Because you don't want to see the thing you worked so hard to build misused to build killer robots and "war minds"? Seems reasonable to me. Google's got a different mission and sometimes the leadership forgets it, and needs to be reminded.




What did she do that is protected under the various whistleblower protection laws? https://www.whistleblowers.gov/sites/wb/files/2019-06/whistl...

I don't think that objecting to your company's AI work for DoD or plans to comply with Chinese internet search regulations fall under any of them.

What did the "Open Research Group" at Google actually build?


So many arm chair lawyers on HN. The parent is wrong. It's illegal because it violates the NLRA, not whistleblower protections.

"Protected concerted activity".

If you want a good primer, "Labor Law for the Rank and Filer" is a good one.


I'm not clear on what Whittaker's role was with regard to the Chinese project, but the final straw appears to have been her protest regarding the composition of the AI ethics panel.

How is an outside ethics panel going to affect their working conditions? The people on the panel don't have any say on employees' pay, promotions, disciplinary actions, assignments, or anything else that might affect their working conditions.

The idea was to have some people from outside the company look at the tech and its potential hazards and provide some input on the ethics of developing and deploying it. People inside the company said, No, we don't want that particular viewpoint to have a seat at the table on this outside committee. The ethics panel had nothing at all to do with their working conditions.


Are you trying to make a fine distinction between "working conditions" and "work"? You just said that this panel that she was protesting the composition of would look at what the company was doing and plans for what the company wished to do, and have input into the ethics of developing and deploying them (and I'm assuming changing them or ending them, otherwise this panel's only job was to kiss paper.)

The employees of google would then be expected to produce and maintain these projects. That's their work. At the least, they're expected to share a roof with these projects, and profits from the work they do could be spent on these other projects, or vice-versa.

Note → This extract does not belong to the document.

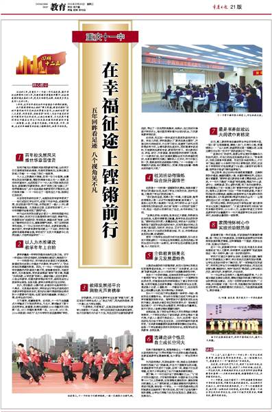 过去的5年,是重庆十一中进一步内涵发展、提升学校品牌影响力的5年;是教育教学质量连年攀升、社会满意度持续走高的5年;更是打响特色品牌、成就更多学生美好人生的5年。
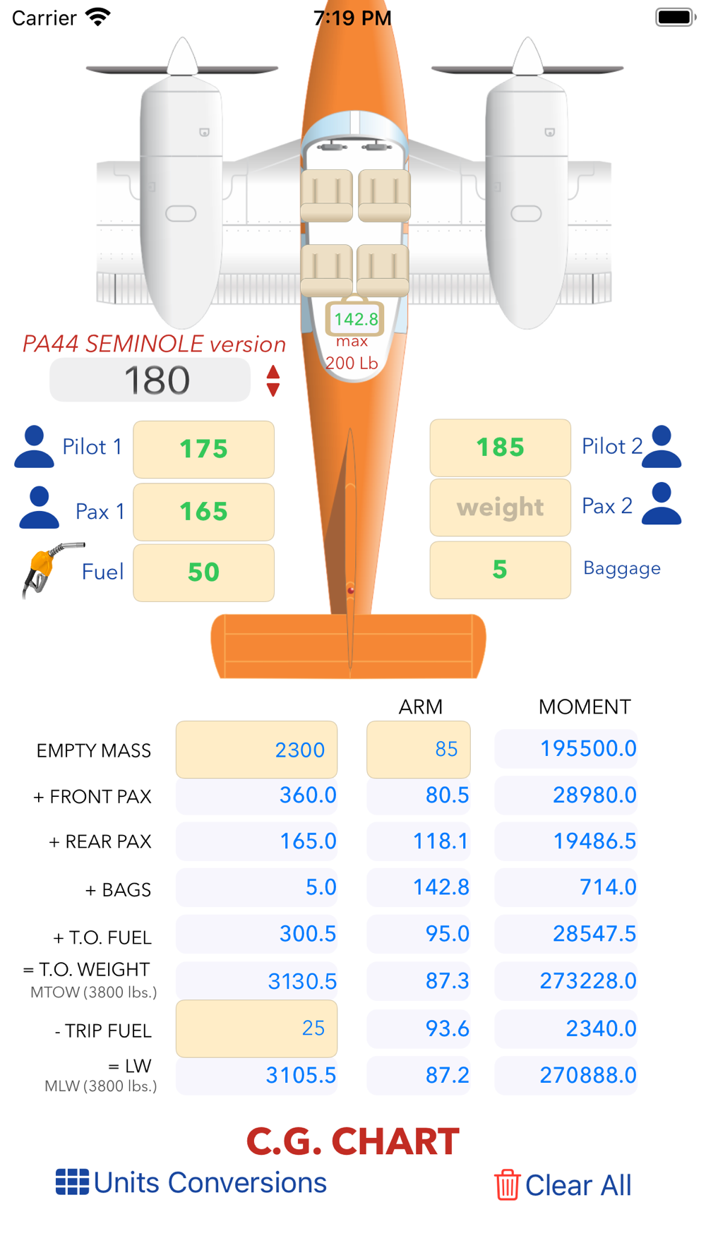 Piper Mass & Balance calculator! Three models in just one App!

It's not a fine distinction at all.

'Working conditions' includes those things I mentioned: pay, promotions, hours, etc.

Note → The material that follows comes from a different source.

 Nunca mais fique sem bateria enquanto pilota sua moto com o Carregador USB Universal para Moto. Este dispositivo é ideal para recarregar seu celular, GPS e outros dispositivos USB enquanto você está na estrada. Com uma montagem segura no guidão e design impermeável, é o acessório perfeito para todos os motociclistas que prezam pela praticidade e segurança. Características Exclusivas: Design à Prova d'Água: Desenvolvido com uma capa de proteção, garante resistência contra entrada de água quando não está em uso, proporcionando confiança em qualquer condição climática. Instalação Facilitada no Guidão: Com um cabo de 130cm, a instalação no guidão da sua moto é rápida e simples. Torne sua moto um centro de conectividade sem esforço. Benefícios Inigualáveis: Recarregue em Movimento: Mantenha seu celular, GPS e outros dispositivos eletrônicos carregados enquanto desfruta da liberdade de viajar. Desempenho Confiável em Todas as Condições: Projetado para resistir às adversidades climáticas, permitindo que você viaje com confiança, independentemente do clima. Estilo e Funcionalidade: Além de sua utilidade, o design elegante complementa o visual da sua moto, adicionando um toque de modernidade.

The AI ethics panel may or may not have led to a change in the scope of 'work.' We'll never know, because the panel was disbanded. Presumably Google is now making decisions about future AI work without the benefit of the ethics panel.

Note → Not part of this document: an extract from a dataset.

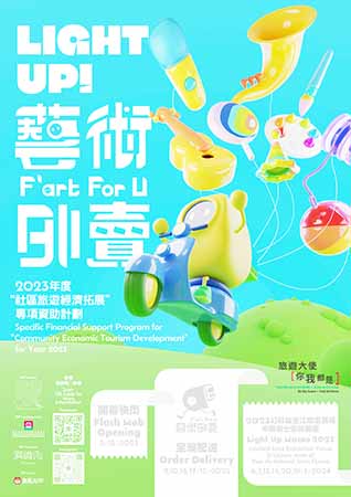 “Light Up!藝術外賣”推出新玩法,將全澳各地區化身光影遊樂場。活動分三部份:開幕快閃、藝術外賣全澳配送、駐點餐車展場。12月2日在“2023幻彩耀濠江”相關場地進行快閃表演;12月9、10、16和17日提供藝術外賣全澳配送,事先透過指定手機APP下單後將送上盲盒式的藝術外賣;1月6、7、13、14、20和21日在飛喇士街休憩區設“2023幻彩耀濠江”限定餐車展場。活動詳情及藝術外賣下單方式,請掃描海報上的二維碼,關注活動公眾號的資訊。

In any event, organizing a protest against the composition of this outside panel that had exactly zero power to change Google employees' working conditions does not fall under the NLRA. Apparently Meredith Whittaker was counseled along the same lines, which is why she resigned after trying to pressure Google into changing their decision by using publicity via the press, rather than suing under the NLRA.


Isn't a "protected concerted activity" an activity that is done for "mutual aid and protection"? It may be closer, but I don't see a case being made under NLRA either.


> and to engage in other concerted activities for the purpose of collective bargaining or other mutual aid or protection

29 U.S.C. Sec. 157

Do you think that objecting to a business model or alleged risks thereof falls under the category of "mutual aid and protection" of other workers?


Sorry, I wasn't using the term imprecisely. Thank you for the correction.


> What did the "Open Research Group" at Google actually build?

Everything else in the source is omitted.